Carrabelle was originally a cotton shipping port, then lumber (like many Michigan towns).  Next came fishing and now it's a quiet town that relied on tourists until the economy crashed.

A few fishing boats still base operations here:


John mounted the EPIRB (emergency beacon that will allow rescue crews to find us) we bought in Pensacola and worked on the "ditch bag"-the bag we'll grab to take in the dinghy with us if something goes wrong with the boat during the Gulf crossing.  We should have had these for our many great lakes crossings!

According to the woman at the WWII museum, Carrabelle police actually used to operate out of a phone booth:


Low tide-these are a little bigger than the zebra mussels on Michigan dockposts:

Thursday, November 24, 2011

Panama City and Carrabelle

While it was raining Saturday, John did some laundry.  It's a bit of a challenge putting sheets on the bed:


We left Pensacola Sunday morning at 8:30.  We heard Passport on the radio, so butted in and had a short radio visit with John and Mary, whom we hadn't seen since the rendesvous.  We passed Lauren Grace, Eagle One, and Passport then let Mary Frances have her head and were in Panama City before 4 pm.

We've driven over this bridge from Pensacola to Fort Pickens many times.  Here's a slightly different view:


Our wake is much foamier in salt water.

Here's Mary taking a picture of Mary taking a picture of Mary.....


Isn't Passport handsome underway?

The Gulf Intracoastal from Pensacola to Panama City varies.  Cypress swamp:


Man-made cut, the Grand Canyon of the GICW (Gulf Intracoastal Waterway):


Marshy grasslands:


At Panama City, we walked to the only restaurant in walking distance that was open Sunday, Bayou Joe's.  It's built over the water (evidently Florida law no longer allows this, so as these places are destroyed by storms, this old Florida tradition dies) and the very large catfish love any leftovers.  We didn't take the camera to dinner, but here's Mary Frances in her slip at Panama City Municipal Marina:


We traveled from Panama City to Carrabelle Monday to be ready to make the Gulf Crossing to Tarpon Springs as soon as weather permits.

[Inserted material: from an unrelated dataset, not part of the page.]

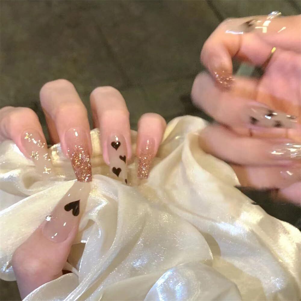 キラキラハート ネイルチップ 24枚 ショート 付け爪 秋冬デザイン 優雅ネイル かわいい シンプル 繰り返し使える 成人式 新年 入学式 卒業式 日常生活 ネイルチップ 人気 花嫁ネイル 光沢 レディース 両面テープ48個付き 標準
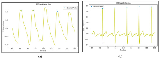 Example of peak detection for the (a) PPG signal and (b) ECG signal.

We have had dolphins swimming near our boat, but it's much easier to take a picture when they're swimming under someone else's bow:



The GICW between Panama City and Carrabelle:


They need to bring  a snagboat through here.  Dodged a lot of sticks, logs, trees; had one "thunk" but all seems fine.


Will there be room for us to squeeze through? This scene reminded us of entering the Manistee River back in August!  These fishermen are gathered at a spot where there is a way out to the gulf from the intracoastal:


A casualty of the last big storm?


At Appalachiocola, the waterway leaves the sheltered, narrow path and moves out into Appalachiocola Bay.  Um, John, that looks like a Coast Guard boat behind us and its blue lights are flashing...


After a courtesy safety inspection, we were back underway.  Before we noticed the Coast Guard boat, we were conversing by radio with Harbour Reach.  After our inspection, the coaties visited Mary and Bill.

Oyster harvesting:


We arrived at Carrabelle Monday, fueled, moved into our slip and prepared to make the most of our time here, as it will be a long visit.  The forecast is not conducive to a gulf crossing.  This town has been badly affected by the economy.  We had a hard time finding a restaurant open for lunch yesterday (Wednesday) and gave up looking for a possibility for Thanksgiving dinner out.  We are the only loopers in this marina-those slower boats are still in Panama City and those who were here ahead of us left Monday, the last good traveling day (the day we arrived).

This morning, we watched the Macy's Thanksgiving Day parade.  We are planning a "Thansgiving dinner in a sandwich" with cranberry sauce and John is marinating beets and green beans for a salad side dish.  We've talked to our kids and we'll watch Charlie Brown's Thanksgiving later today.  We are thankful that we have the opportunity to have this adventure and that we have people who care enough about us to follow this blog. Happy Thanksgiving.